Perform Bayesian Decision Curve Analysis for clinical prediction models and diagnostic tests.

When validating a clinical prediction model, you may end up with AUC 0.79 and a slight miscalibration. How do you know if that is good enough for your model to be clinically useful? The same question can be asked if you have, for instance, a binary diagnostic test with sensitivity of 75% and specificity of 68%. Decision Curve Analysis helps us find an answer - see Vickers, van Calster & Steyerberg, 2019 for an introduction to DCA. Here, we use Bayesian methods to accurately quantify uncertainty in our decisions curves - powered by Stan.

Installation

You can install the development version of bayesDCA from GitHub with:

# install.packages("devtools")
devtools::install_github("giulianonetto/bayesdca")

Running Bayesian DCA

You can use bayesDCA to evaluate predictive models as well as binary tests.

All you need is a data.frame with a column named outcomes (0 or 1) and one column for each model or test being evaluated. In the example below, the PredModelData includes the probability predictions from a model ("predictions" column) and the results from a binary test ("binary_test" column). The names of these columns don’t matter (except for the outcomes column, which should always be present).

library(bayesDCA)
data(PredModelData)
head(PredModelData)
#>   outcomes predictions binary_test
#> 1        0  0.01280653           0
#> 2        0  0.13981948           0
#> 3        0  0.03566458           0
#> 4        0  0.02351731           0
#> 5        0  0.00863298           0
#> 6        0  0.00959754           0

Run the DCA itself:

fit <- dca(PredModelData)
plot(fit)

Interpreting Bayesian DCA

Each decision curve represents the predictive performance of a decision strategy – yes, treating all (or none) is a valid decision strategy. Given the estimated decision curves, we may want to ask several questions, such as:

What is the best decision strategy?
Are the strategies based on predictive models or tests useful at all?
Is the predictive model guaranteed to be better than the binary test?
What is the consequence of the uncertainty imposed by the available data?

The bayesDCA R package provides an easy workflow for answering these questions.

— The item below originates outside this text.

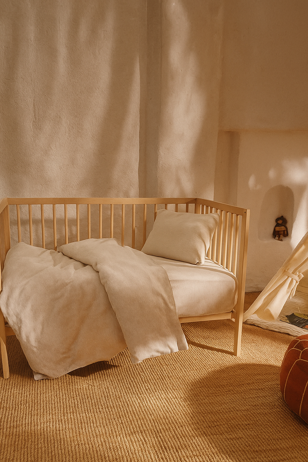 %100 Pamuk-Keten Efektli Yıkanmış Kumaş ; 100x150 mm Nevresim ; 70x140+20 mm Lastikli Çarşaf ; 35x45 mm Yastık Kılıfı ; Bebeklerin hassas cildine uygun , yumuşak kumaş ;
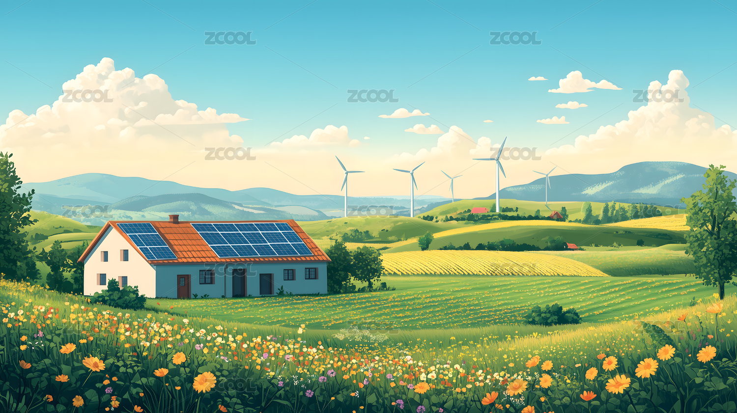 背景,壁纸,绿色,生态,环保,环境,风景,插画,风力发电,自然

In particular, the “DCA part” of Bayesian DCA allows answering the first three questions; adding the “Bayesian part” allows quantifying uncertainty around those answers.

The best decision strategy is the one that maximizes the observed net benefit. However, if the uncertainty is large, more data may be necessary to increase confidence in our conclusions. The fourth question directly quantifies what we might lose, in terms of net benefit, by drawing conclusions under the current level of uncertainty.

What is the best decision strategy?

Say you want to infer what is the best decision strategy among the prediction model, the binary test, and the default strategies (treat all/none). You can then compare the decision curves:

compare_dca(fit, type = "best")

For most decision thresholds, the model predictions maximize the observed net benefit (i.e., have the highest posterior means) and hence is the best decision strategy given the available data. However, notice that uncertainty is quite large at least for thresholds below 30%, where conclusions might be noisy and more data could be beneficial.

Are the prediction model or the binary test useful at all?

Well, maybe not everyone has access to both the prediction model and the binary test. But is each of them useful at all? Here, “useful” means better than the default strategies (treat all/none), following the definition in Wynants et al. (2018).

compare_dca(fit, type = "useful")

Is the model better than the test?

We can also do pairwise comparisons by specifying the pair of strategies we want to compare with the models_or_tests argument (set it to a single value to compare it against default strategies).

compare_dca(fit, 
            strategies = c("predictions", "binary_test"), 
            type = "pairwise")

What is the consequence of uncertainty?

To answer that, we need an estimate of the Expected Value of Perfect Information (EVPI) for model validation as defined in Sadatsafavi et al. (2022). You may think of this as the price or consequence of uncertainty. Since we only have a sample dataset, we don’t know for sure what is the best decision strategy for each threshold. The EVPI quantifies the expected loss in net benefit associated with that uncertainty. If it is high for a given threshold, then we would greatly benefit from more data to validate our decision strategies.

compare_dca(fit, .evpi = TRUE)

Notice that the EVPI follows closely the uncertainty around the best strategy: the larger the uncertainty, the more we are expected to benefit from accessing “perfect information”.

Using external information to estimate prevalence

Say you are validating tests using a nested case-control study, so the prevalence parameter must come from the larger sample from which cases and controls were selected. Another example is when you want to use an external estimate of prevalence (say from a large prospective cross-sectional study). You can do so by passing the external_prevalence_data argument to dca.

fit <- dca(PredModelData,
           external_prevalence_data = c(100, 500))
plot(fit)

Notice also that the external_prevalence_data information is used only to estimate the prevalence, which is then used in the net benefit calculation. Sensitivity and specificity use the original information in PredModelData.